A protein network map of head and neck cancer reveals PIK3CA mutant drug sensitivity

Abstract

We outline a framework for elucidating tumor genetic complexity through multidimensional protein-protein interaction maps and apply it to enhancing our understanding of head and neck squamous cell carcinoma. This network uncovers 771 interactions from cancer and noncancerous cell states, including WT and mutant protein isoforms. Prioritization of cancer-enriched interactions reveals a previously unidentified association of the fibroblast growth factor receptor tyrosine kinase 3 with Daple, a guanine-nucleotide exchange factor, resulting in activation of Gαi- and p21-activated protein kinase 1/2 to promote cancer cell migration. Additionally, we observe mutation-enriched interactions between the human epidermal growth factor receptor 3 (HER3) receptor tyrosine kinase and PIK3CA (the alpha catalytic subunit of phosphatidylinositol 3-kinase) that can inform the response to HER3 inhibition in vivo. We anticipate that the application of this framework will be valuable for translating genetic alterations into a molecular and clinical understanding of the underlying biology of many disease areas.

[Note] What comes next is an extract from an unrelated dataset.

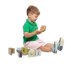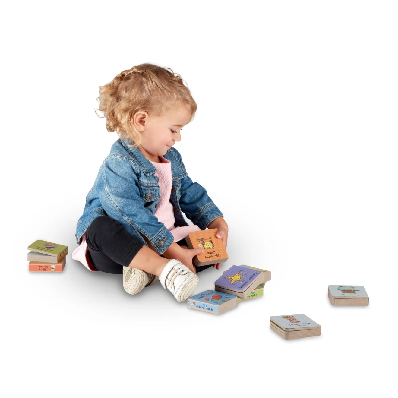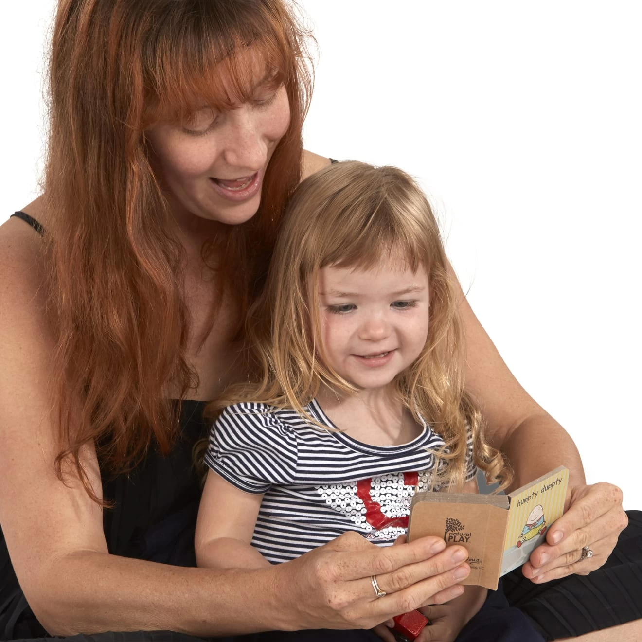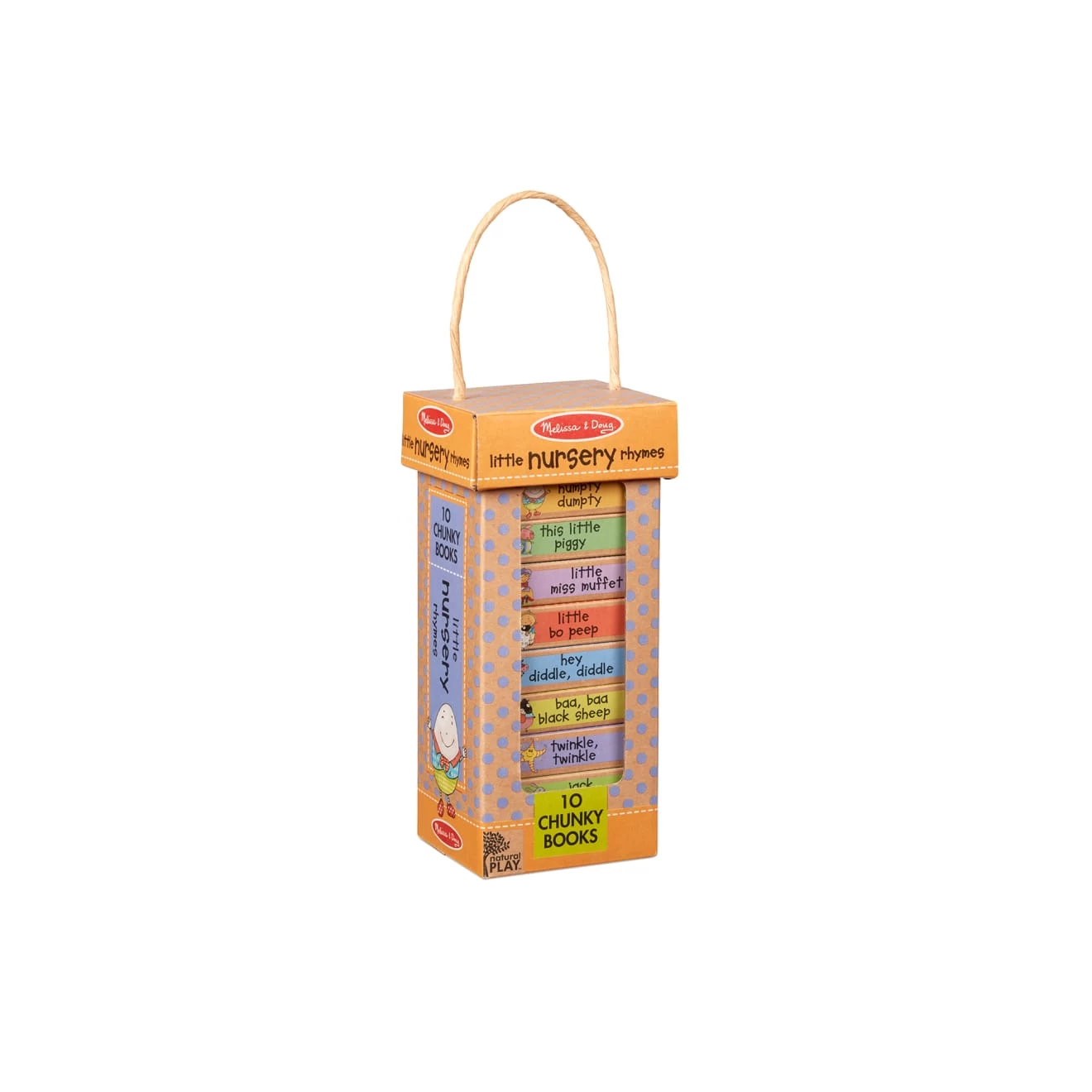 Give children the building blocks for reading with the Melissa & Doug Natural Play Book Towers. Ten chunky books, perfect for little fingers, feature favorite classic nursery rhymes. Read the rhymes together, then kids can use the books like building blocks, stacking and arranging them. The books come in an attractive box with a handle for easy portability and convenient storage. The Natural Play Book Towers use recycled materials and soy-based inks. Use this Natural Play Book Tower to engage in conversations with kids as they play. Object play with manipulatives such as these little block-like books helps develop hand-eye coordination and adds a tangible, physical component to kids’ learning!

Figure 1.. Experimental design and workflow.

(A) The alteration frequencies from the HNSCC TCGA provisional dataset (n = 530 patients) for the 31 experimentally tractable genes selected as AP-MS baits in this study. Proteins analyzed in this study are listed, along with the percentage of patients with an alteration in that gene/protein. Each patient is represented by a grey box that is colored based on the occurrence and type of alteration(s) observed in that patient. Both the wild-type and mutant protein sequence(s) were analyzed for genes highlighted in yellow. The genetic alteration types in the two cancer cell lines (CAL-33 and SCC-25) are also displayed. (B) The experimental workflow in which each bait was expressed in biological triplicate in 3 cell lines and subjected to AP-MS analysis. (C-E) Permutation test illustrating the frequency of CNVs (C), mRNA alterations (D), or mutations (E), from randomly selected genes in the HNSCC TCGA data. The white circle indicates the median of the random sampling, and the grey bar represents +/− 1 standard deviation. The frequency of alterations found in the prey retrieved in this PPI dataset is indicated in the black circle. (F) Percentage of HC-PPIs identified in a panel of public PPI databases (CORUM, BioPlex 2.0, or BioGRID low throughput and multivalidated, and IMEX (23, 36-38)). (G) Clustering analysis of all HC-PPIs (n = 771) based on their PPI score, which is an average of the confidence scores reported from SAINTexpress and CompPASS score (see Materials and methods for details). A PPI score of 1.0 represents the highest confidence in a PPI. (H) Venn diagram illustrating the overlap in HC-PPIs among the 3 cell lines. For this analysis, only those PPIs passing the HC-PPI filtering criteria by both SAINTexpress and CompPASS were classified as an HC-PPI within an individual cell line.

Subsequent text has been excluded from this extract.